Song by Namewee
- Language: Chinese
- Released: January 26, 2024
- Length: 3:56
- Songwriter: Namewee
- Producers: Namewee, pooh for you (小熊为你, The Puns of Winnie the Pooh in Chinese)

= The People of the Dragon =

"The People of the Dragon" ("龍的傳人") is a Lunar New Year song released by Malaysian singer Namewee on January 26, 2024, to celebrate the Year of the Dragon. The song has been interpreted as satirizing China's Little Pinks, "Wolf Warriors," Chinese Communist Party General Secretary Xi Jinping, political issues in mainland China, and Greater China nationalism.

The music video was filmed at the Baihe Great Wall in Tainan, Taiwan.

== Content ==

The opening of the video features a spoof of the Public Screening Permit from the "pooh for you State Administration of Press, Publication, Radio, Film and Television," (小熊為你新聞出版廣電總局) mimicking the review system that all film and TV productions in mainland China must undergo. In the video, the character pooh for you (小熊为你, The Puns of Winnie the Pooh in Chinese), who performs with Namewee, wears a yellow dragon robe and a Winnie-the-Pooh mask (References comparing Winnie The Pooh To CCP General Secretary Leader In Internet Memes To The Character), with the face pixelated. In the credits, some crew members’ names are also pixelated. The actor playing "pooh for you" is credited as "Jinping (禁評, it means "no comments")," a homophone for Xi Jinping.

The lyrics reference major political and social events in China from 2023, including topics like Myanmar Telecom Network Fraud, lip-syncing, insulting China, effeminate men, and China's Zero-COVID policy. They also mention terms such as "Little Pink" and "Heart in the motherland, body in London."

The song's introduction states that it is "dedicated to Chinese people from all around the world, including Singapore and Malaysia," a likely allusion to pan-Chinese nationalism.

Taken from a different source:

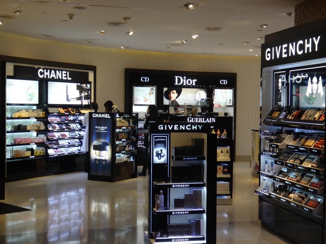 1階から地下1階を見下ろすと、「COSMETICS」、
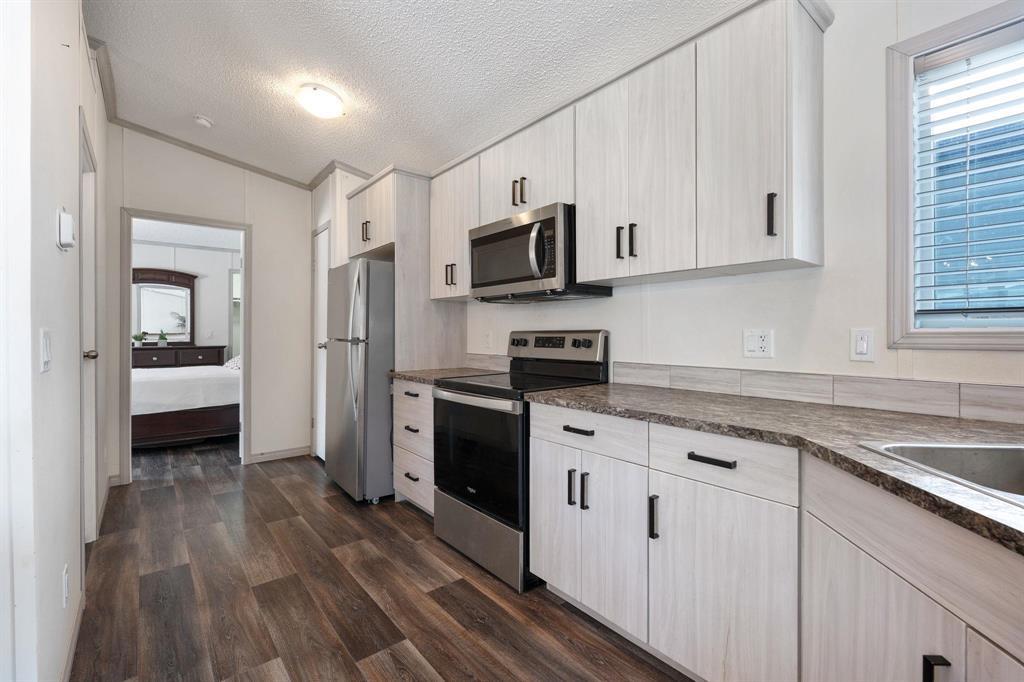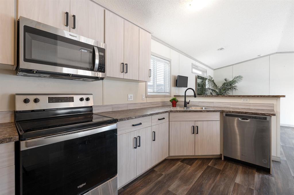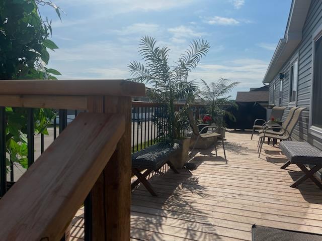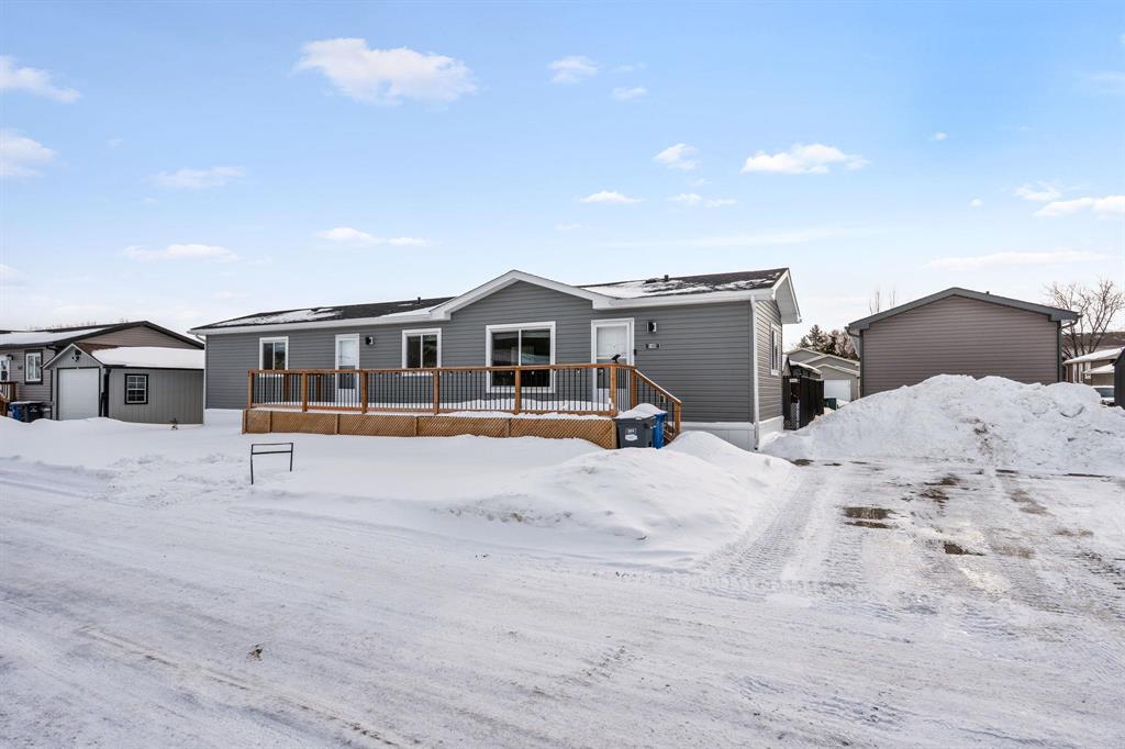 4E//Winnipeg/OTP March 4 @ 5pm. Welcome to this amazing 959 sq ft home offering comfort, style, and easy living all in one. Step inside to a bright, open-concept main area with vaulted ceilings that create an airy, spacious feel. The living room flows seamlessly into the dining area and expansive kitchen, complete with stainless steel appliances, abundant cabinetry and counter space, and a generous breakfast bar, perfect for entertaining or staying connected while preparing meals. The massive primary bedroom is a true retreat, featuring a walk-in closet and private 3-piece ensuite with glass shower doors. A well-sized second bedroom, full 4-piece bathroom with one-piece tub surround, and convenient laundry/mudroom with front-loading washer and dryer plus deep freezer add to the home s thoughtful layout. Outside, enjoy your large front deck overlooking the grassy yard, along with a paved parking pad for two vehicles. Located in a friendly neighbourhood with a scenic river walking path, community firepit area, and close to shopping, restaurants, and public transit. Lot rent is $525 plus $51.10 city license fee ($576.10/month total), including garbage pickup and main street snow removal. (231999668)

==Reception and commentary==

Brendan Kavanagh (Dr K), a British pianist known for his performance at London’s St. Pancras railway station, commented on YouTube that he loved the song and even invited Namewee to shoot a video in the UK.

=== Trivia ===

A user on Chinese social media platform TikTok (Mainland China version) claimed their account was permanently banned after sharing the song, believing it to be a harmless Lunar New Year tune. The user later warned others on Xiaohongshu about the song's anti-China nature. Upon hearing this, Namewee responded on Facebook with an apology to the user, sarcastically reiterating that The People of the Dragon is indeed a "patriotic and pro-party" song.

== Impact ==

On August 24, 2024, Namewee revealed that he had received a threatening phone call from Cambodia in April, demanding the removal of "The People of the Dragon" and "Fragile". After refusing, his business partners in China were reportedly harassed and intimidated, forcing them to cancel collaborations. As a result, 15 upcoming shows in his Big Plane World Tour (大飛機世界巡迴演唱會) had to be canceled. On September 10, Namewee held another press conference to announce the relaunch of his world tour and described how the tour, which began in April 2023 at Taipei Arena (台北小巨蛋), was suppressed by Chinese authorities. On China's National Day later that year, Namewee posted that Fragile had surpassed 73 million views on YouTube and The People of the Dragon was nearing 11 million views, jokingly adding that he was "just sharing," with "no other intention."